# Naive Bayes

An example of a probabilistic classifier. Commonly used in spam filters (classifies as spam if the probability of spam is higher than not spam)

To model this, it uses Bayes rule:

$$P(y_i = \textrm{spam} | x_i) = \frac{P(x_i | y_i = \textrm{spam})P(y_i = \textrm{spam})}{P(x_i)}$$

Where

- $P(y_i = \textrm{spam})$ is the marginal probability that an e-mail is spam
- $P(x_i)$ is the marginal probability than an e-mail has the set of words $x_i$
- Hard to approximate (lots of ways to combine words)

- $P(x_i | y_i = \textrm{spam})$ is the conditional probability that a spam e-mail has the words $x_i$

## # Optimizations

### # Denominator doesn’t matter

We can actually reframe this to avoid calculating $P(x_i)$ as Naive Bayes just returns spam if $P(y_i = \textrm{spam} | x_i) > P(y_i = \textrm{not spam} | x_i)$

Roughly, denominator doesn’t matter

$$\propto P(x_i | y_i = \textrm{spam})P(y_i = \textrm{spam})$$

### # Conditional Independent Assumptions

Additionally, we assume that *all* features $x_i$ are conditionally independent given label $y_i$ so we can decompose it.

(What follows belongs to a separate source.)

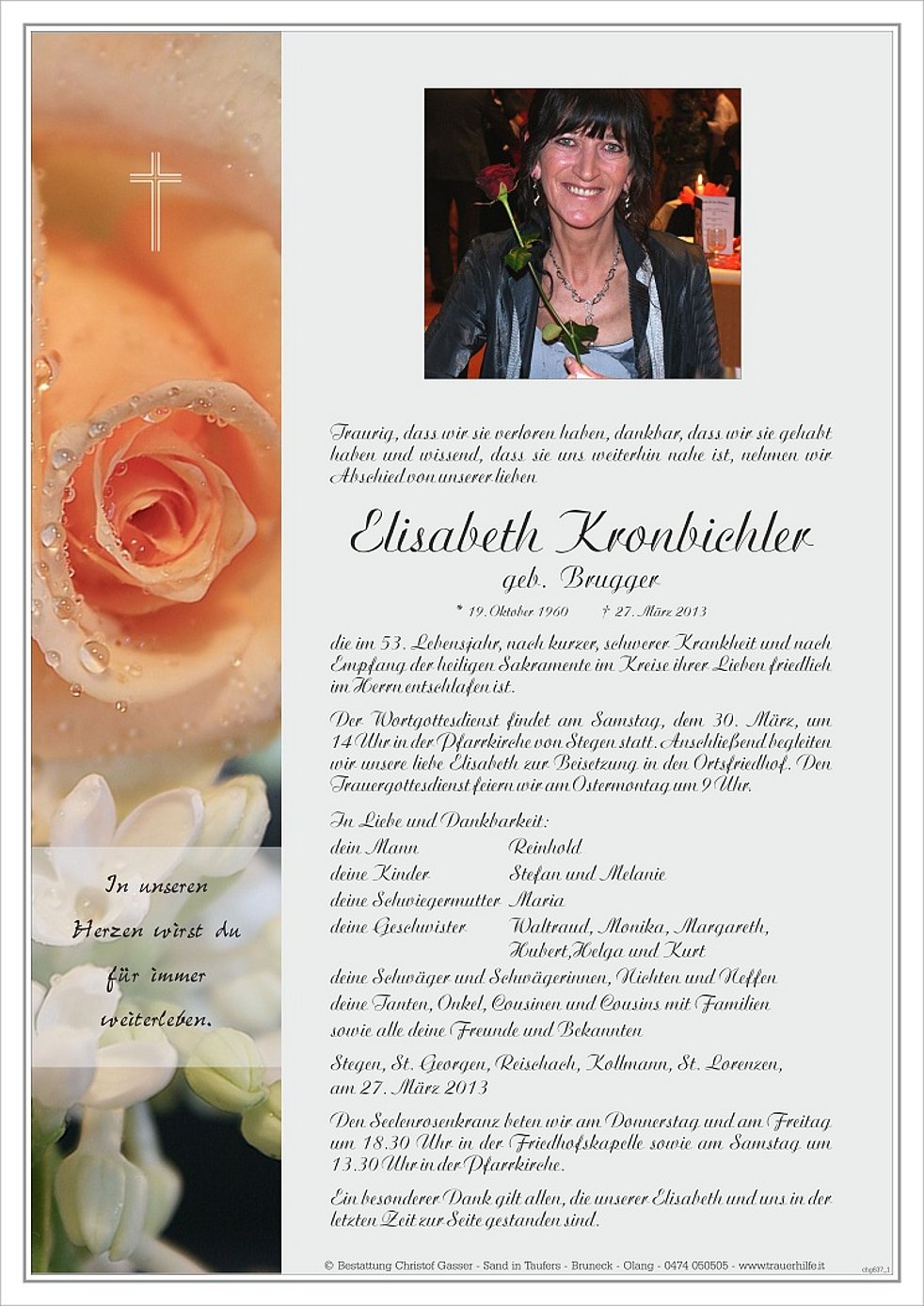 14 Uhr in der Pfarrkirche von Stegen statt. Anschließend begleiten wir unsere liebe Elisabeth zur Beisetzung in den Ortsfriedhof. Den Trauergottesdienst feiern wir am Ostermontag um 9 Uhr.

$$\approx \prod_{j=1}^d P(x_{ij}|y_i)P(y_i)$$

## # Laplace Smoothing

If we have no spam messages with lactase, then $P(lactase | spam) = 0$ so spam messages with lactase automatically get through!

Our estimate of $P(lactase | spam) = 0$ is $\frac{\textrm{# spam messages with lactase}}{\textrm{# spam messages}} = \frac{0}{\textrm{# spam messages}}$

We can add $\beta$ to the numerator and $\beta k$ to the denominator, which effectively adds $\beta k$ fake examples: $\beta$ for each $k$ where $k$ is a possible class (2 for a binary classifier)

So for our binary spam classifier (with $\beta = 1$):

$$\frac{\textrm{# spam messages with lactase} + 1}{\textrm{# spam messages} + 2}$$